Records contained in a dataset:
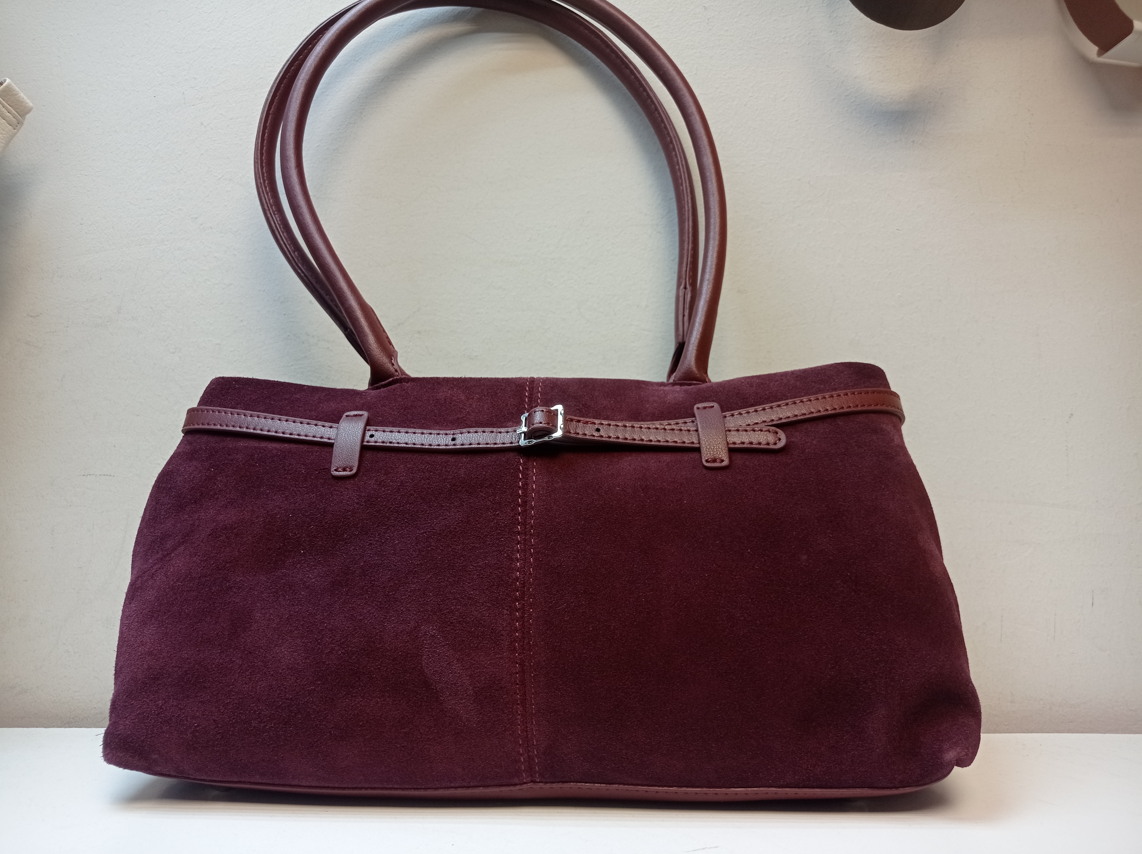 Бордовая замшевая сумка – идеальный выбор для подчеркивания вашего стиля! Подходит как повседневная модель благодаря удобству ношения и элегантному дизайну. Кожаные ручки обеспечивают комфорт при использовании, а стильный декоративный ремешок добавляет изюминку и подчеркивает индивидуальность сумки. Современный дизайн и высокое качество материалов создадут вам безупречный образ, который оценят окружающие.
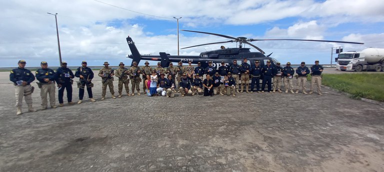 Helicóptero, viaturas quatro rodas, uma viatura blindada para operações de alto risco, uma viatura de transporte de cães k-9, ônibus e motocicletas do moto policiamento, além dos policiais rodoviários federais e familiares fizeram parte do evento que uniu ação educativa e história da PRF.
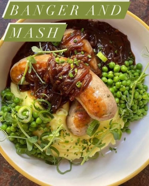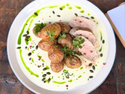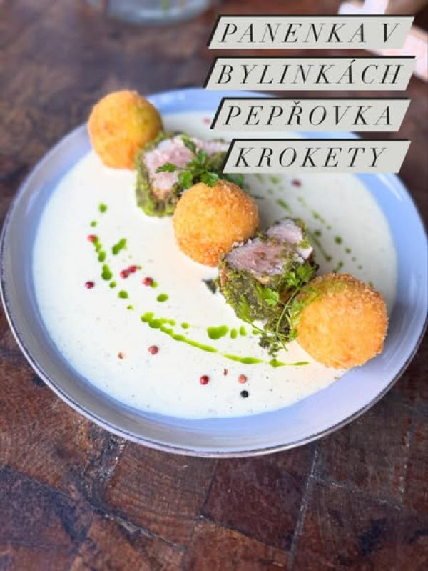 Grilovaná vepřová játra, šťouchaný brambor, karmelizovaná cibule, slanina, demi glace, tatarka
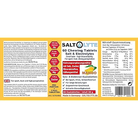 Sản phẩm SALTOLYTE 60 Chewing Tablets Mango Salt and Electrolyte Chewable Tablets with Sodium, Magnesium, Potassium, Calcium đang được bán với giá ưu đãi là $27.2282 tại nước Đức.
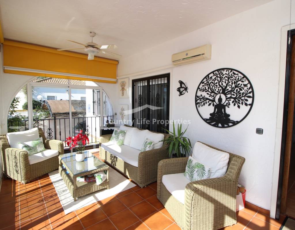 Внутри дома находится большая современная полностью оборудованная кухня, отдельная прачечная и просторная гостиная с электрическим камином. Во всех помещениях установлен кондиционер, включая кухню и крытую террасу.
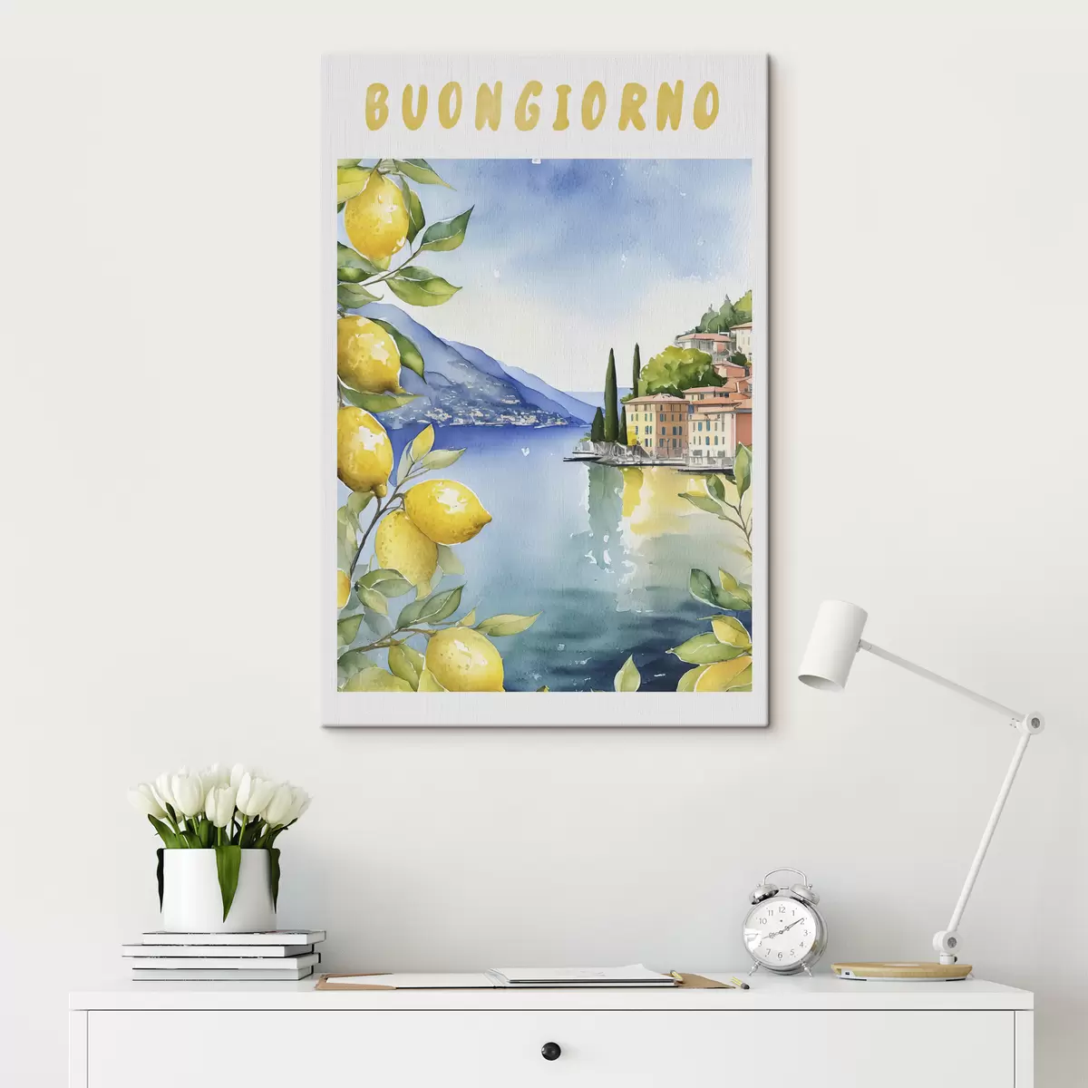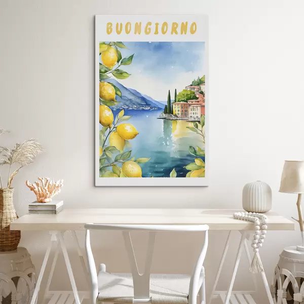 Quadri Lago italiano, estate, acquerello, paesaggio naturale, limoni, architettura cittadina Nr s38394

AIM OF THE EXERCISE: Start at the line that contains "Внутри дома находится" and retype every line through the end of the entries above, both ends included. Exclude all pictures.

TASK ANSWER:
 Внутри дома находится большая современная полностью оборудованная кухня, отдельная прачечная и просторная гостиная с электрическим камином. Во всех помещениях установлен кондиционер, включая кухню и крытую террасу.
 Quadri Lago italiano, estate, acquerello, paesaggio naturale, limoni, architettura cittadina Nr s38394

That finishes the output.